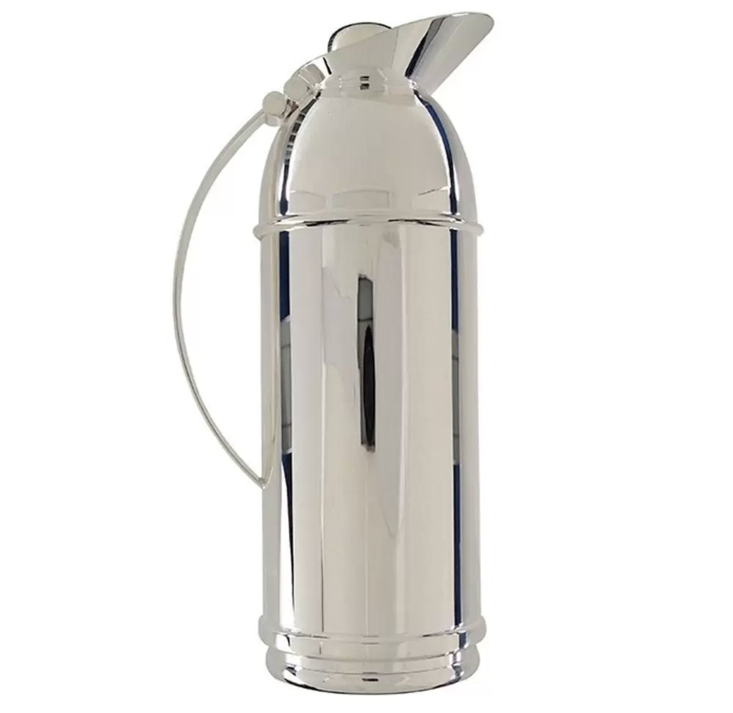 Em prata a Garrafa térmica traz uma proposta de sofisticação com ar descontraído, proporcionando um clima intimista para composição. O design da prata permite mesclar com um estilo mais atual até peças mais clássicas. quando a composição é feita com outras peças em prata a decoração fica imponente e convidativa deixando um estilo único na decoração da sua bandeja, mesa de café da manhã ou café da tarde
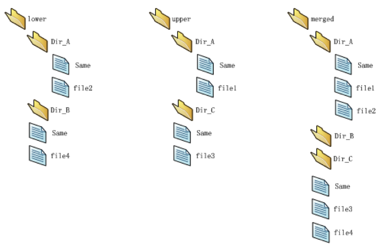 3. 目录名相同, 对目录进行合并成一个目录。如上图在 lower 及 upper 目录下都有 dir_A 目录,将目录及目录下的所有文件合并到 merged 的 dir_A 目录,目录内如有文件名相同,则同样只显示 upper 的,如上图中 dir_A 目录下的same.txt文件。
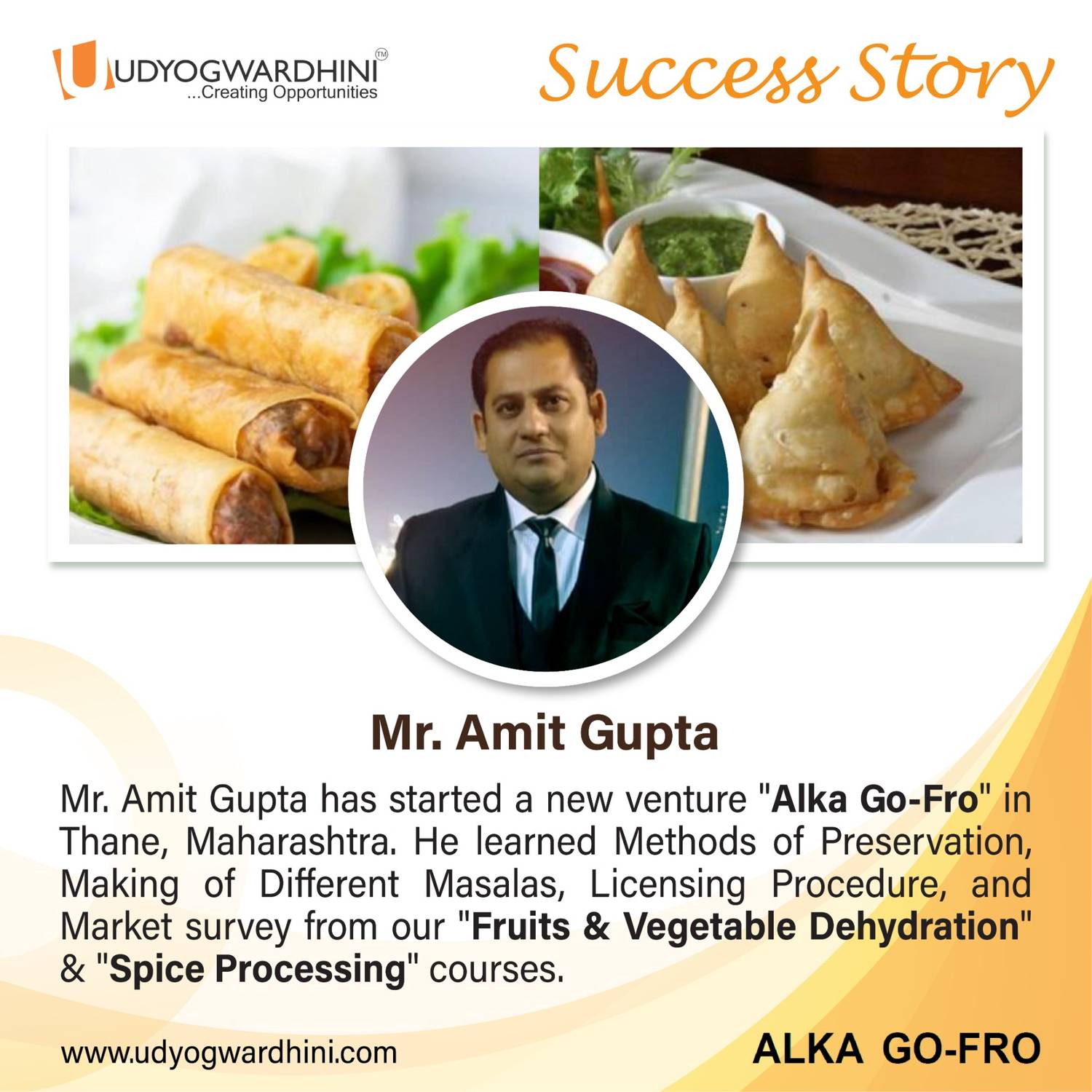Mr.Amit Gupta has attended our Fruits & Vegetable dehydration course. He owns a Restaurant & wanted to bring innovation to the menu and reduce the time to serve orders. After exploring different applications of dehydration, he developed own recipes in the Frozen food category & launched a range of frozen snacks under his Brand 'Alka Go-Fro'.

WORK INSTRUCTION: Write out the listing word for word, omitting the pictures it holds.

RESPONSE TO THIS EXERCISE:
 Em prata a Garrafa térmica traz uma proposta de sofisticação com ar descontraído, proporcionando um clima intimista para composição. O design da prata permite mesclar com um estilo mais atual até peças mais clássicas. quando a composição é feita com outras peças em prata a decoração fica imponente e convidativa deixando um estilo único na decoração da sua bandeja, mesa de café da manhã ou café da tarde
 3. 目录名相同, 对目录进行合并成一个目录。如上图在 lower 及 upper 目录下都有 dir_A 目录,将目录及目录下的所有文件合并到 merged 的 dir_A 目录,目录内如有文件名相同,则同样只显示 upper 的,如上图中 dir_A 目录下的same.txt文件。
Mr.Amit Gupta has attended our Fruits & Vegetable dehydration course. He owns a Restaurant & wanted to bring innovation to the menu and reduce the time to serve orders. After exploring different applications of dehydration, he developed own recipes in the Frozen food category & launched a range of frozen snacks under his Brand 'Alka Go-Fro'.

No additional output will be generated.